The main thing that is out on this diet is sugar, period. No sugar. No maple sugar, no brown sugar, no honey. As I said, I’ve wanted to make some of these dietary changes for a long time, particularly the one eliminating sugar from my diet, and yet I just loaded a truly embarrassing amount of canned peaches, maple syrup, apple sauce, and every imaginable food containing large amounts of sugar into my car for the trip to town. And it seems that just about every prepared food product contains sugar.
What am I replacing all of these processed foods I’m giving away with? Food that is alive. I’m still learning to make Kim Chi and other fermented vegetables (see my previous post on my discovery of the book Wild Fermentation) and now will be adding kefir from raw goat milk via my neighbor. These cultured, live foods are the cornerstone of this new diet and will help me heal my besieged digestive tract which in turn helps me eliminate or at least diminish many of the more problematic symptoms such as the increasing allergies and joint pain.
Another important aspect of the diet is the predominant reliance on fresh vegetables and seed grains such as amaranth and millet, all things that I at least have a chance to grow in my garden. I was eating mostly rice and wheat, things that I have to buy.
Animal protein sources, I’m happy to say, I’ve already made headway on getting locally such as eggs and meat from my chickens, and lamb, beef, buffalo, trout and rabbit from people in the area who raise those animals. Viola! Combining this momentum with the new changes I’m making, all of a sudden I’ve replaced the bulk of foods I was purchasing from the grocery store with ones that I can trade for or buy from friends and locals. Yippie Skippie!
The thing that is astonishingly cool about this new direction my life has taken is that it kills many birds with one stone. I have more room in my tiny house, I am already regaining my health which will help me weather collapse better and make me more resilient, I’m strengthening my relationships with local food providers, I’m decreasing the amount of money I spend on food while circulating that money locally, and I’m putting more of my everyday food preparation and consumption into my hands which decreases my anxiety about where my next meal is coming from. All this is forcing me to cook and think ahead instead of opening a can of soup, slapping some tuna on a sandwich and calling it good. All are changes that I’ve been struggling to make.

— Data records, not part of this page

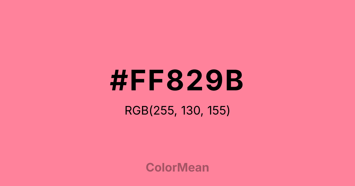 #FF829B RGB value is (255, 130, 155). The hex color red value is 255, green is 130, and blue is 155. Its HSL format shows a hue of 348°, saturation of 100 percent, and lightness of 75 percent. The CMYK process values are 0 percent, 49 percent, 39 percent, 0 percent.
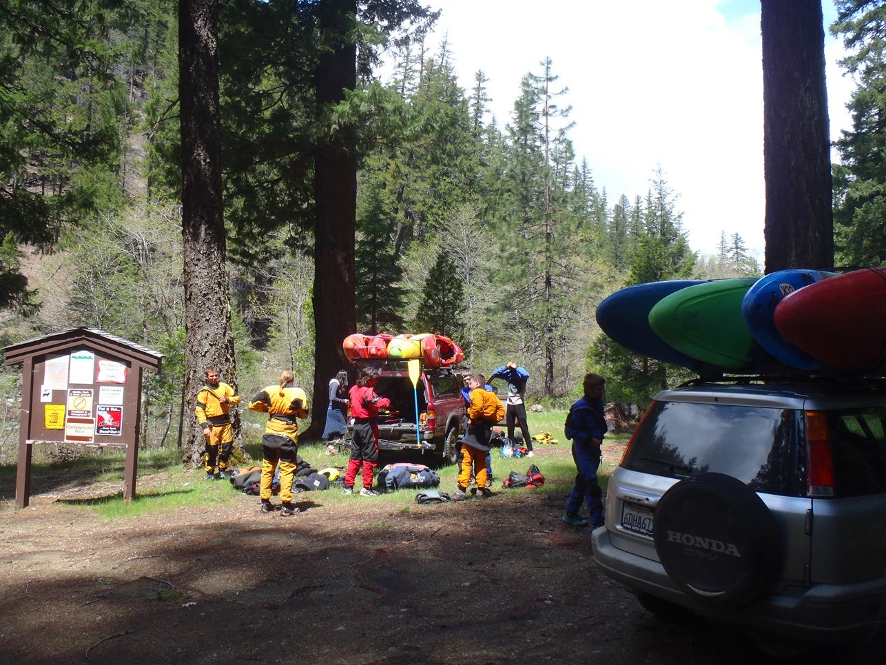 Take-out: 15 miles West on Highway 299 from Weaverville, you will cross the North Fork. Turn right on East Fork Road and travel 1.1 miles to the first bridge which crosses the North Fork. Park on the far side.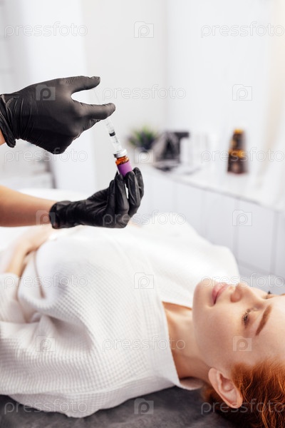Женщина-эстетик в черных перчатках готовит шприц для лечения красоты на расслабленной женщине в спа, демонстрируя практику ухода за кожей и оздоровления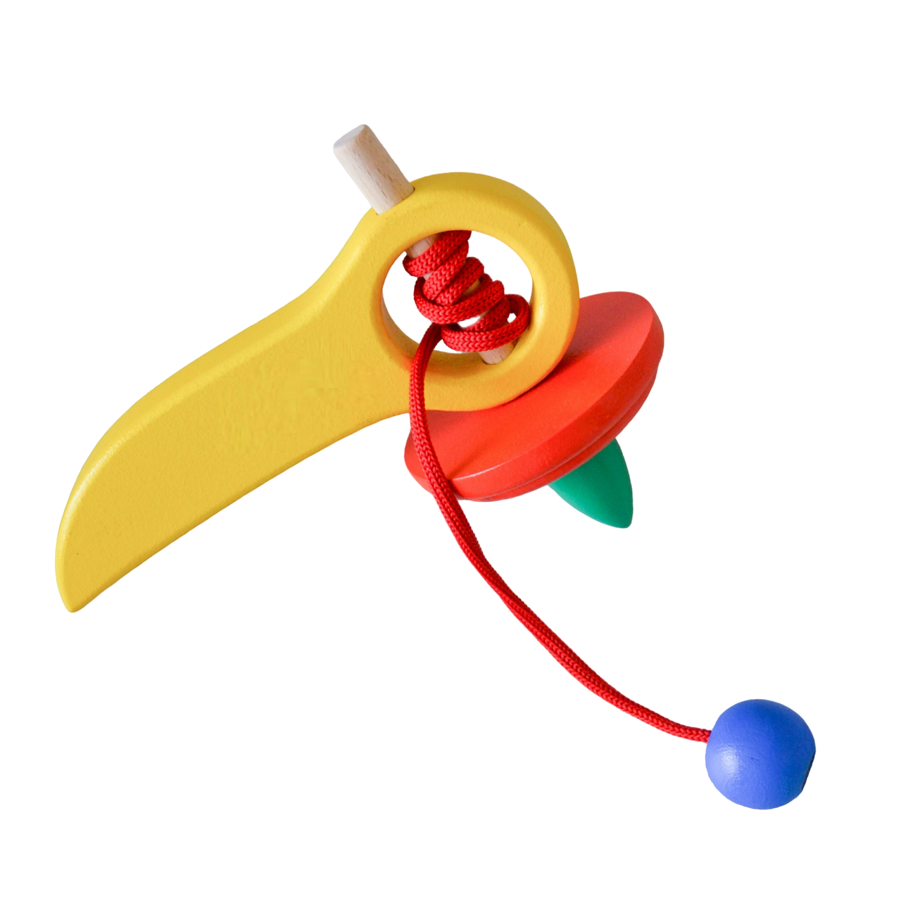 Волчок имеет специальную ручку и веревочку для запуска.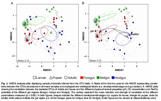 將微生物生態(tài)分布與具體的環(huán)境驅(qū)動因子直接鏈接:本研究沒有停留在觀察到“菌群不同”的現(xiàn)象上,而是通過Unisense電極測得了“為何不同”的原因。通過圖2B 的NMDS擬合分析,研究將菌群結(jié)構(gòu)數(shù)據(jù)與物理化學(xué)數(shù)據(jù)進(jìn)行了統(tǒng)計關(guān)聯(lián)。結(jié)果顯示,幼蟲腸道的高pH值是其菌群結(jié)構(gòu)的主要塑造者,而成蟲腸道菌群則主要受氧氣水平和氧化還原電位的控制。這種定量化的關(guān)聯(lián)性分析極大地增強(qiáng)了結(jié)論的說服力,從“相關(guān)”推進(jìn)到了“機(jī)理”闡釋的層面。

I guess I’m just like the rest of the human species: I don’t make big, uncomfortable changes unless my back is against the wall. All of this is possible by letting go of something old (much of my food stash, fear of deprivation, worry about collapse and an entrenched resistance to cooking) and reaching out for something new (health and real sustainable food sources and feeling more secure about the future). Having really useful and healing things to trade and offer, like kefir grains, fermented foods and grains that can be produced locally, feels really proactive and positive.